= Kayden Coleman =

American transgender activist

Kayden Coleman (born July 5, 1986) is an American transgender advocate, educator, and social media influencer. He is known for raising awareness of trans men who experience pregnancy. In 2013, when Coleman was 4 years into gender reassignment therapy, he found out he was pregnant with his and his partner's first child. Since then, Coleman has been interviewed by news outlets such as USA Today, TODAY.com, and Out about his experiences with transgender pregnancy. In 2021, he was honored by Out as an Out100 honoree, a recognition given to prominent members of the LGBTQ+ community for their outstanding work promoting LGBTQ+ rights. He has appeared in a commercial for Lexus.

== Early life ==
Coleman was born on July 5, 1986. He is of Jamaican and African descent. As a child who was assigned female at birth, Coleman experienced feelings of gender dysphoria, which led to his later gender transition.

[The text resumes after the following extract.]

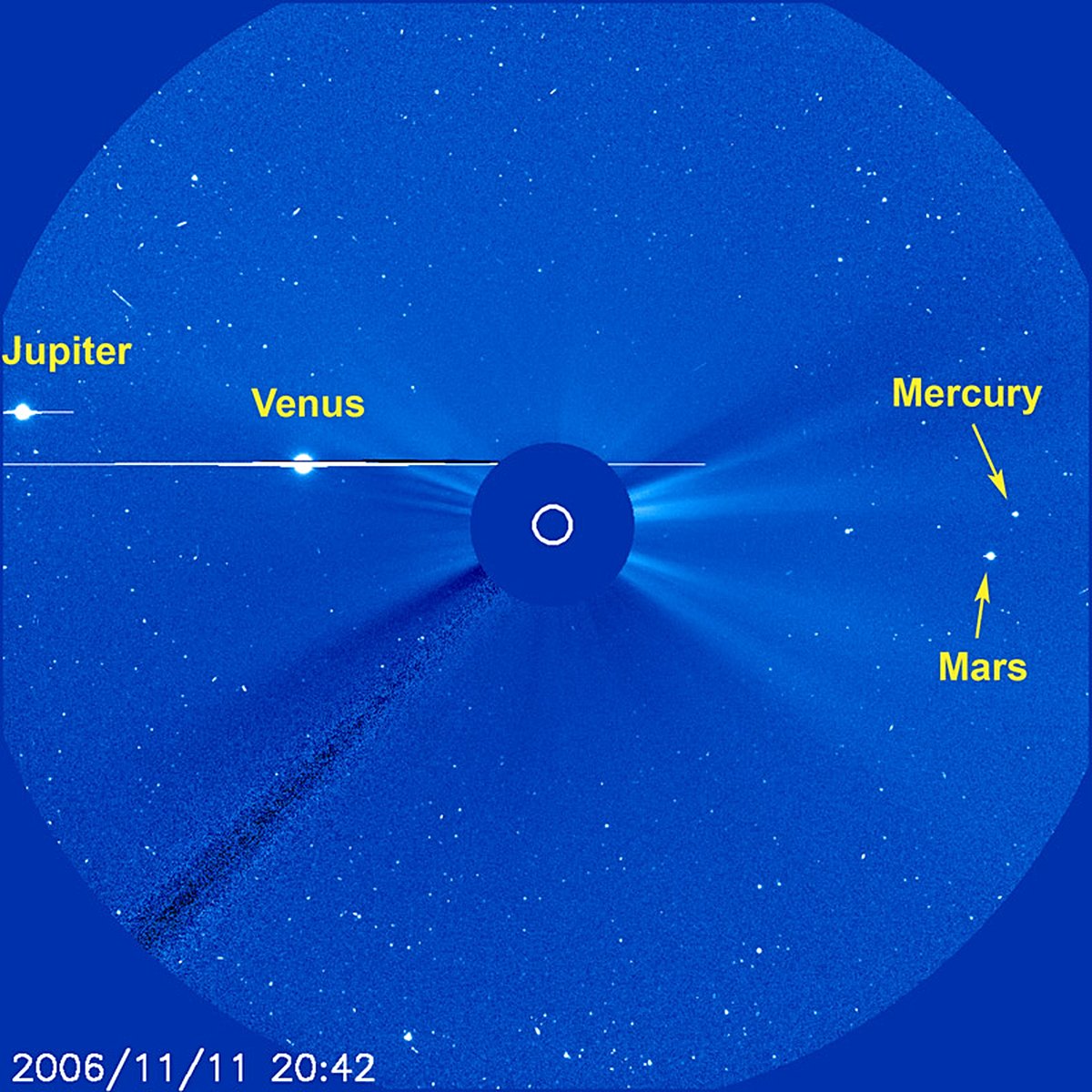 The sight of Mercury's tiny round disk drifting slowly across the face of the Sun inspired and entertained many denizens of planet Earth last week. In fact, artist and astronomer Mark Seibold viewed both the 1999 and 2006 transits of the solar system's innermost planet through solar filtered telescopes and composed this rendering of Mercury "hovering in the photosphere" near the edge of an enormous solar disk. The original work is a 23 by 17 inch pastel sketch. While the artist's hand is creatively superimposed, Seibold concentrated on offering an impression of Mercury's silhouette, surrounded by shadings reflecting his visual experience that are not easily captured in photographic exposures. Of course, before the age of cameras drawings were more widely used to record telescopic observations of sunspots and planetary transits.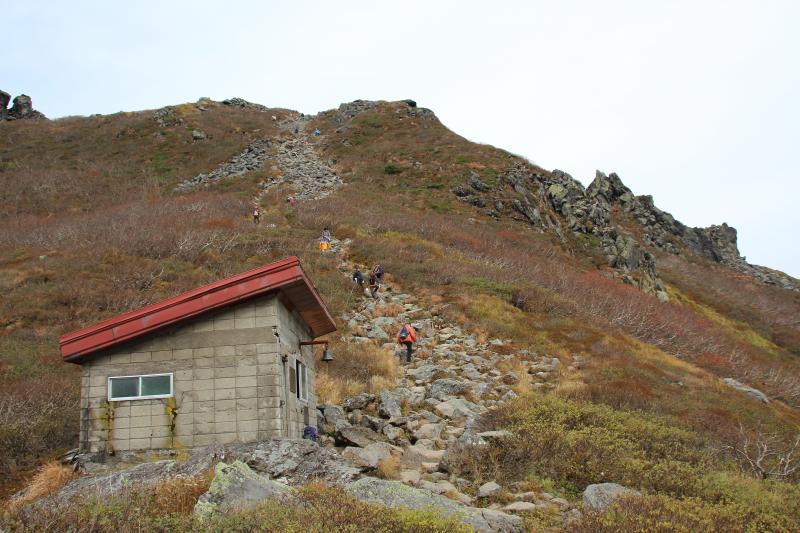 お天気は曇り。綺麗な8合目休憩所でお手洗いを済ましてから出発。

== Health and transition ==
After the birth of his first daughter, Coleman reported he experienced postpartum depression, PTSD, anxiety, and other after-effects of childbirth, which led him to seek out doulas who helped him alleviate his symptoms.

Coleman first began testosterone hormone therapy in January 2009. He underwent breast reduction surgery, better known today as top surgery, in March 2013. To do so, he paused hormone treatment and as a result became pregnant in early 2013. He did not become aware of his pregnancy for five and a half months. In February 2020, Coleman announced his second pregnancy. He gave birth to his second daughter later that summer.

Coleman refuses to undergo genital reconstructive surgery, known more colloquially as bottom surgery, citing issues in regard to cost, health complications, and sexual pleasure.

In November 2021, Coleman was diagnosed with renal cell carcinoma.

== Career and activism ==
Coleman is an advocate for LGBTQ+ rights and inclusion, with specific focus on fertility and pregnancy issues that affect Black, gay, and transmasculine individuals. He calls himself "Papa Seahorse," as male seahorses are known for carrying fertilized eggs. He has been vocal about the racism and transphobia that he has faced in the American medical system, sharing that a few of his medical providers have suggested that he undergo an abortion. He has spoken about being misgendered by medical professionals, as well as his difficulty in accessing classes for birthing, chest feeding, and postpartum support groups, because they were labeled as women's spaces and thus were inaccessible to men.

He and his partner, Dominique Glinton, have appeared in a commercial for Lexus, titled "The Evolution of Family," in which they share their experiences of fatherhood.

== Personal life ==
Coleman married his first husband, Elijah, in 2013. Coleman gave birth to their daughter, Azaelia Skye, in early 2014. In January 2020, Coleman announced his second pregnancy with his partner, Dominique. Their daughter, Jurnee, was born later that year.